Key things to remember about deregulation

  • Deregulation is the late-20th-century reduction of government control over industry, banking, and finance in Western Europe.

  • It was a direct response to the economic stagnation of the 1970s, which made the expensive postwar welfare state a target for criticism (KC-4.2.IV).

  • Margaret Thatcher's Britain is the textbook example, combining deregulation with privatization of state-owned companies and curbs on labor unions.

  • Deregulation reflects free-market economic theories that gained prominence in the 1980s by questioning state management of the economy.

  • On essays, deregulation works as change-over-time evidence, marking the rollback of state economic involvement after the postwar welfare-state expansion.

  • Don't confuse deregulation (removing rules) with privatization (selling state-owned firms), even though they often happened together.

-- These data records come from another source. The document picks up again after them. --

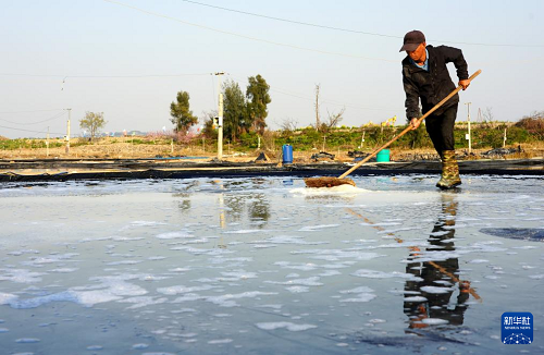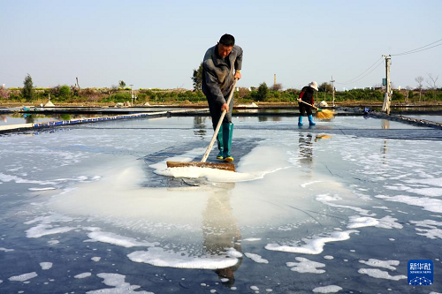 春日氣溫回升,正是采用日曬、調(diào)鹵、結(jié)晶等古法曬鹽的好時(shí)節(jié),在浙江省樂(lè)清市南塘鎮(zhèn)山馬曬鹽場(chǎng),工作人員趁著晴好天氣忙著曬鹽收鹽。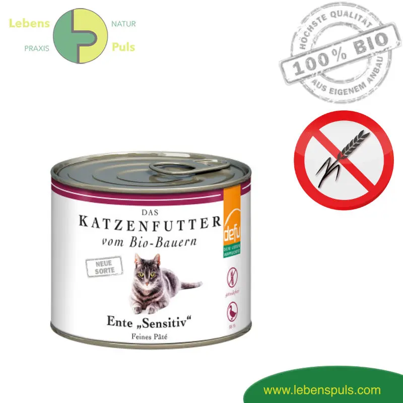 Pâté “Ente Sensitive”: Das Premium Katzenfutter Nassfutter getreidefrei BIO Ente ist eine feine Komposition aus 96 % Bio Ente, guten Bio Kürbissen und gesundem Sonnenblumenöl. Getreidefrei und glutenfrei ist sie das ideale tägliche Futter für Katzen, die zu Allergien bzw Unverträglichkeiten neigen. Sie enthält nur eine tierische Proteinquelle.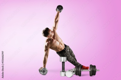 Handsome Athletic Sporty Men Exercising with kettlebell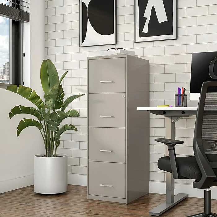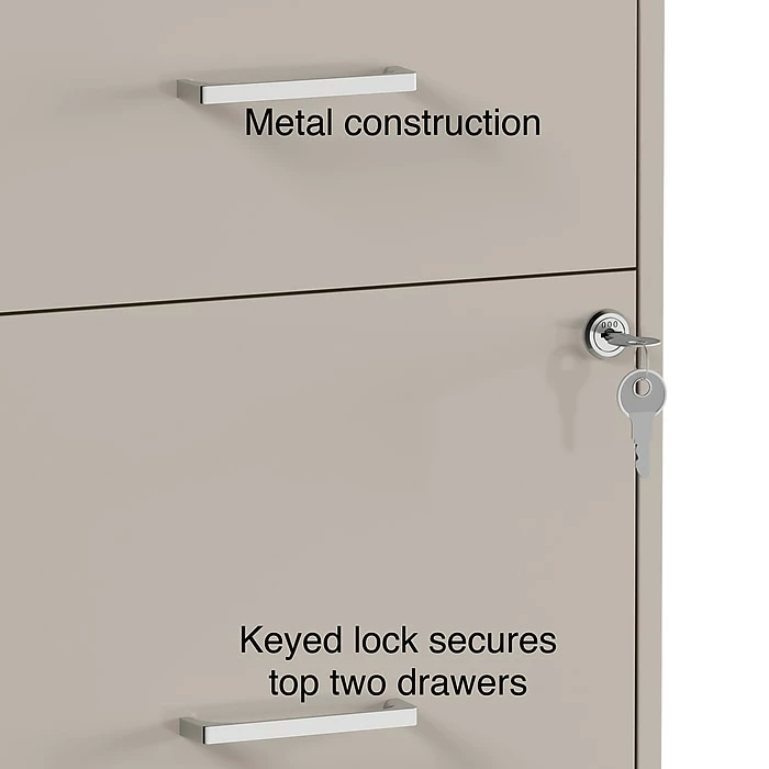 File forms, applications, reports and other documents with this light duty vertical file cabinet. A single lock keeps both drawers secure, preventing unauthorized access to sensitive documents. The four spacious file drawers offer ample storage space for important papers, and the unique design accommodates letter-size hanging folders for versatile storage options. This letter-size file cabinet features a compact size, making it a smart option for use in cubicles, home offices or other smaller work areas.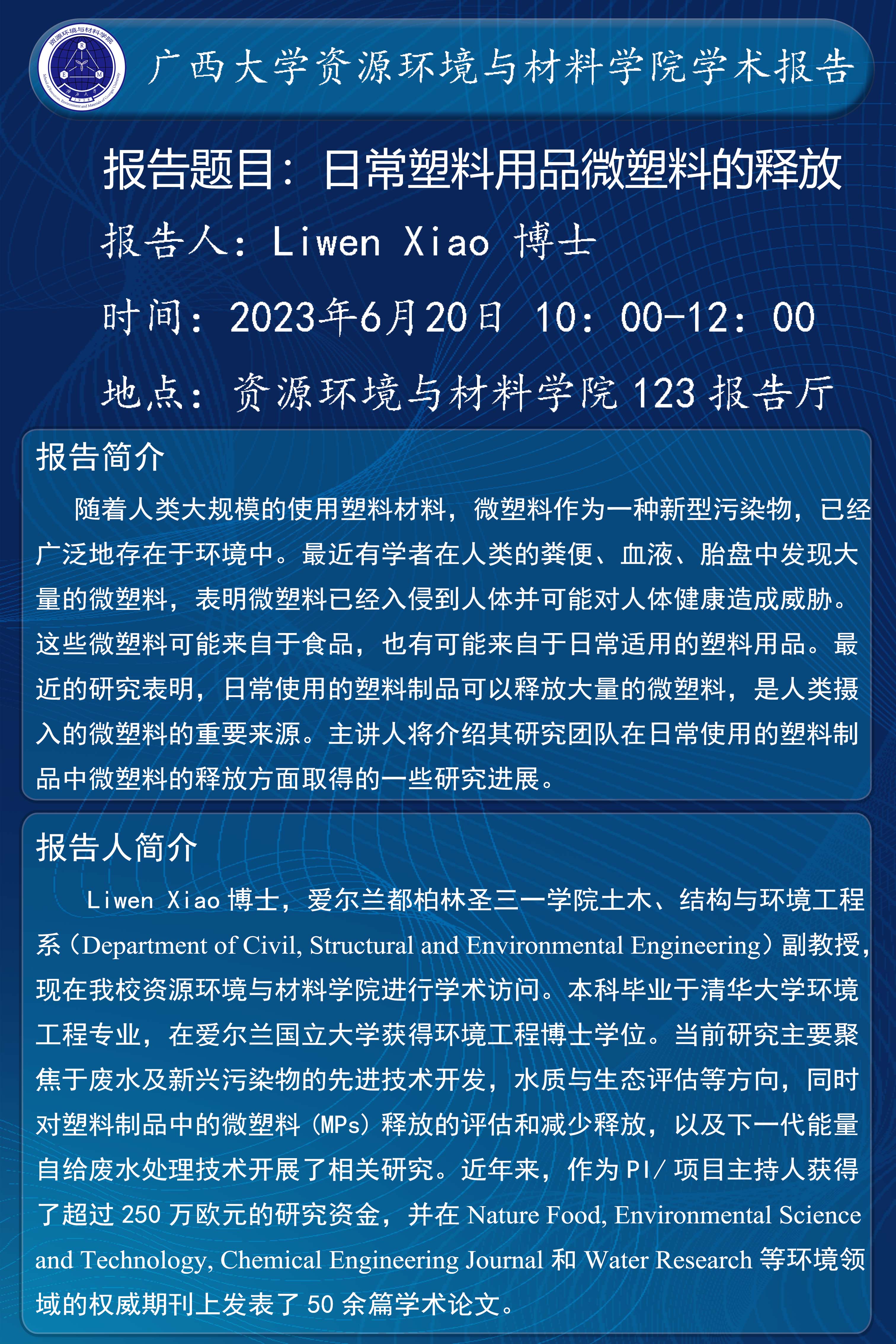 资源环境与材料学院学术报告:日常塑料用品微塑料的释放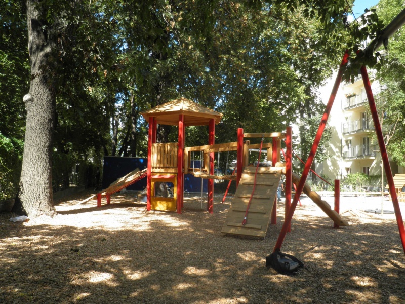 Der Innenhof soll gleichermaßen für Kindergarten- und Hortkinder als Spiel- und Aufenthaltsort dienen. Im Anforderungsprofil seitens des Bauherren wurde der Wunsch geäußert, dass auch Jugendliche aus dem Gymnasium den Hof für Ballspiele nutzen können. So wurde randlich eine multifunktionale Spielfläche mit EPDM-Belag angeordnet. Ein vielseitiges Sandspielareal, ein Bereich mit Kletter- und Schaukelgeräten, Spielhütten, zahlreiche Holzpodeste und ein Geräteschrank zählen nun zur Ausstattung. Ein Asphaltweg schlängelt sich entlang der Funktionsbereiche und gibt Gelegenheit zu Dreirad- und Gokartrunden.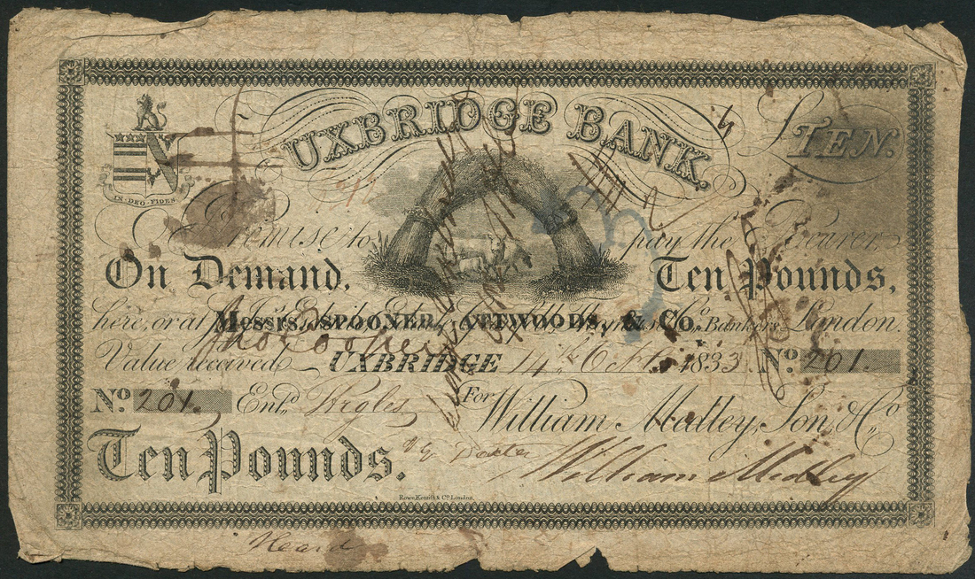Uxbridge Bank (William Medley, Son & Co.), £10, 14 October 1833, serial number 261, black and white, arms top left, sheep and corn sheaves at top centre, manuscript signature of William Medley low right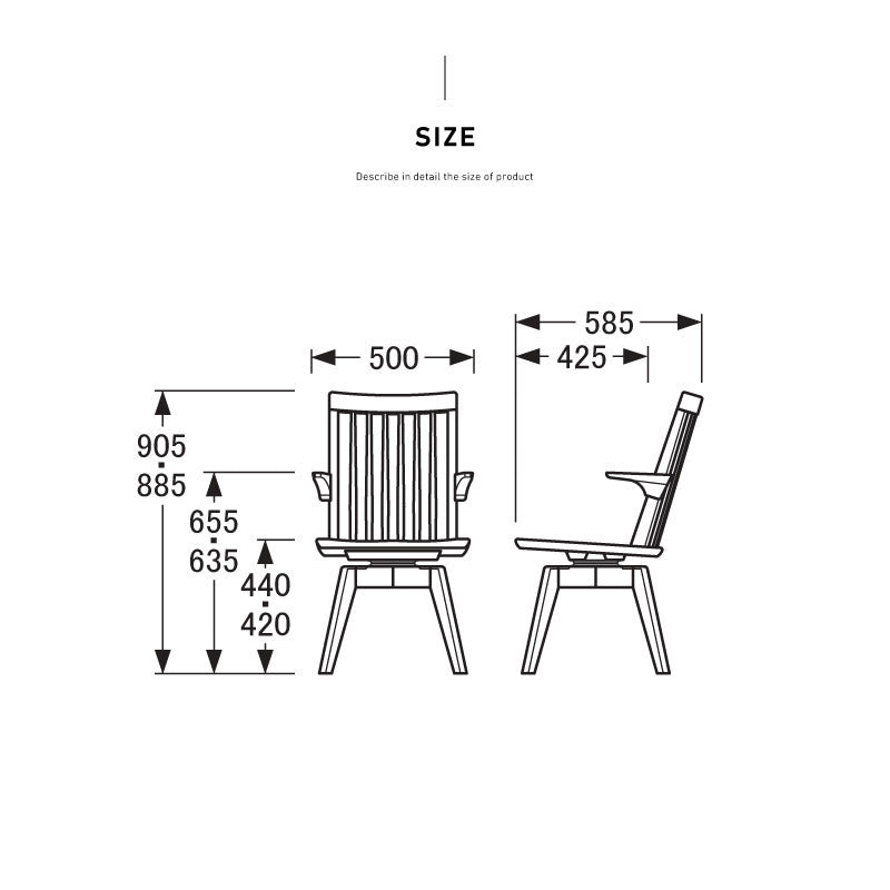 | サイズ | 幅 : 50 奥行 : 58.5 高さ : 90.5または88.5(cm) 座高はお選びください/SH : 42(cm)またはSH : 44(cm) |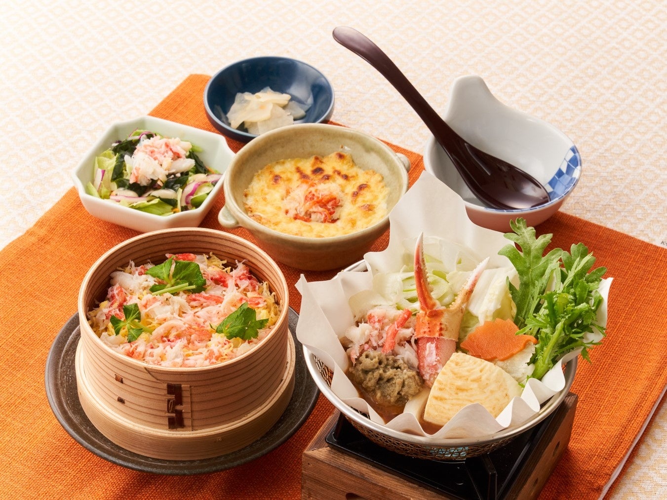 卓上で煮込む小鍋・焼き立てのグラタン・蒸したてのせいろ御飯のあつあつ3品に、本ずわい蟹のサラダもついた“蟹の旨味”を存分に楽しめるご褒美御膳です。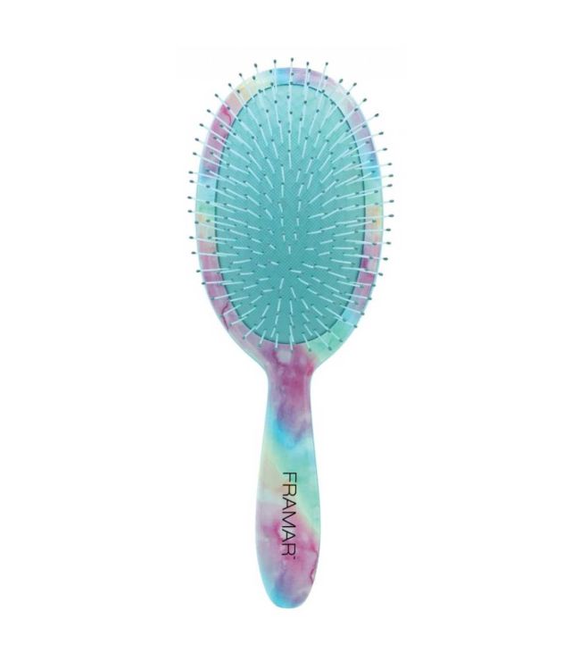 Framar Detangle Brush Summer Camp Gimme S'More ontdoet het haar van klitten en knopen in stijl. Deze haarborstel heeft flexibele pinnen waarmee je pijnloos en eenvoudig het haar kunt ontwarren. De borstel is geschikt om te gebruiken op zowel nat als droog haar. De Detangle Brush is geschikt voor alle haartypes en ook te gebruiken op pruiken en extensions. De borstel is niet geschikt om te gebruiken in combinatie met hitte. De limited edition borstel met kleurrijke tie-dye print komt uit de Summer Camp collectie van Framar. Tie-dye, clear skies and the open road - let's go to summer camp!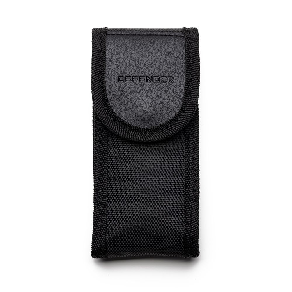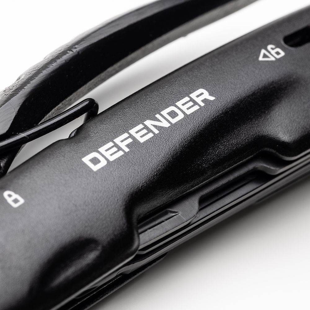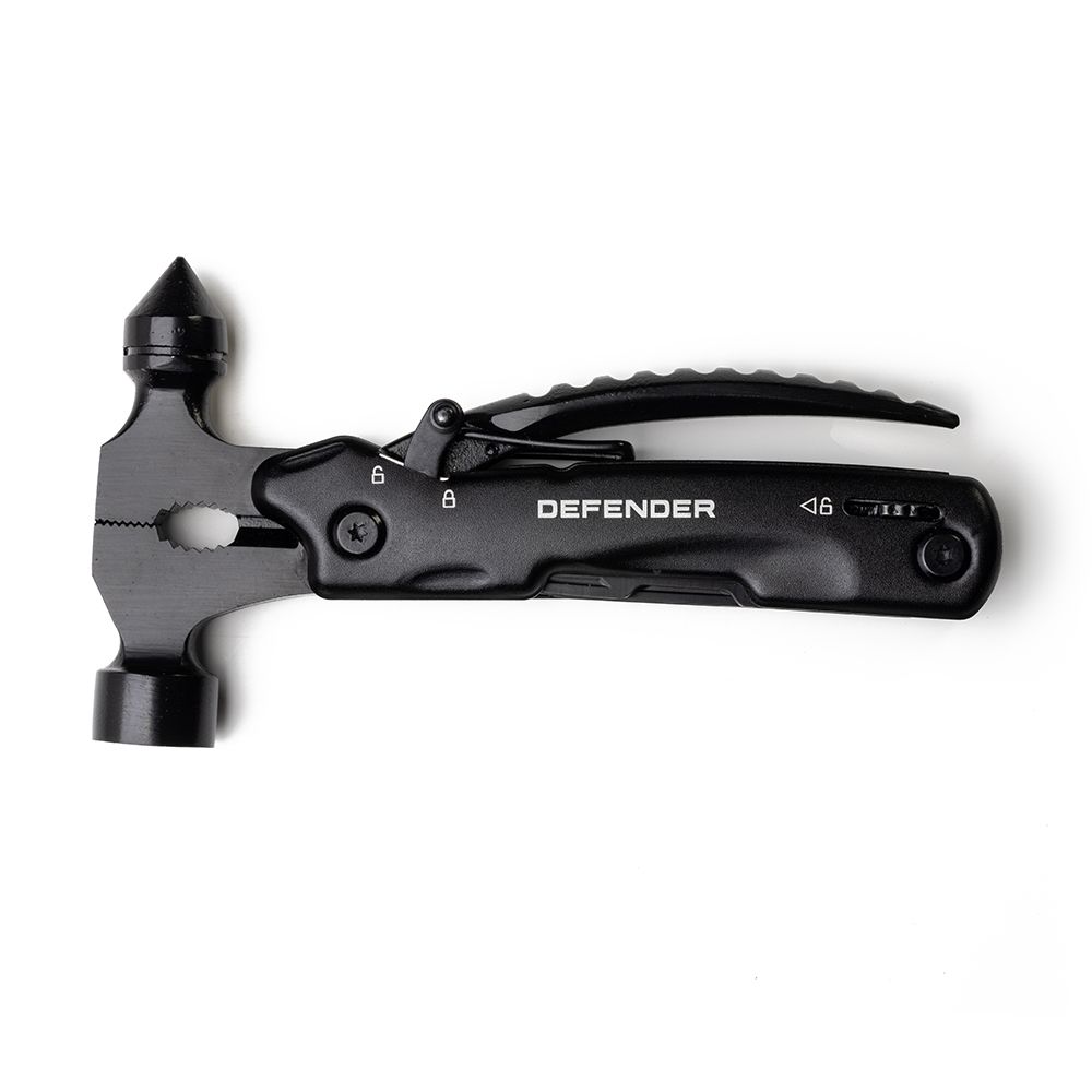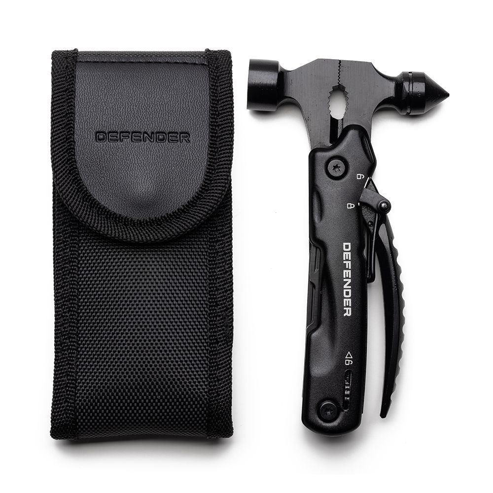 Advanced multi-tool with matte-black hardware. Fabricated in durable anodised metal. Finished with white Defender logo. Comes with a handy carry pouch.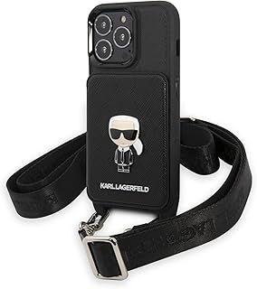 Coque de protection rigide karl lagerfeld saffiano avec porte-cartes en métal emblématique pour iphone.

Frequently asked questions about deregulation

What is deregulation in AP Euro?

Deregulation is the reduction of government regulation of industry, banking, and finance in late-20th-century Western Europe. It's covered in Topic 9.6 as the response to 1970s economic stagnation and criticism of the welfare state.

Did deregulation get rid of the welfare state in Europe?

No. Deregulation limited and trimmed welfare programs, but it didn't dismantle them. The CED's language is precise here, stagnation led to "criticism and limitation" of the welfare state, not its abolition. Most Western European countries kept national health systems and pensions.

How is deregulation different from privatization?

Deregulation removes government rules on business; privatization sells government-owned companies to private investors. Thatcher did both in 1980s Britain, selling off state telecom, aerospace, and utility companies, but they're distinct policies and AP questions can test the difference.

Why did Western European governments turn to deregulation in the 1980s?

The economic stagnation of the 1970s (oil shocks, inflation, slow growth) made the postwar welfare state look unaffordable. Free-market economic theories gained traction by blaming heavy state involvement, and leaders like Thatcher responded by cutting regulations and shrinking the state's economic role.

Is deregulation on the AP Euro exam?

Yes. It falls under learning objective 9.6.A and KC-4.2.IV in Unit 9, and it's strong evidence for essays about the state's role in the economy. The 2017 LEQ asked exactly that kind of comparison question about European governments' economic role across periods.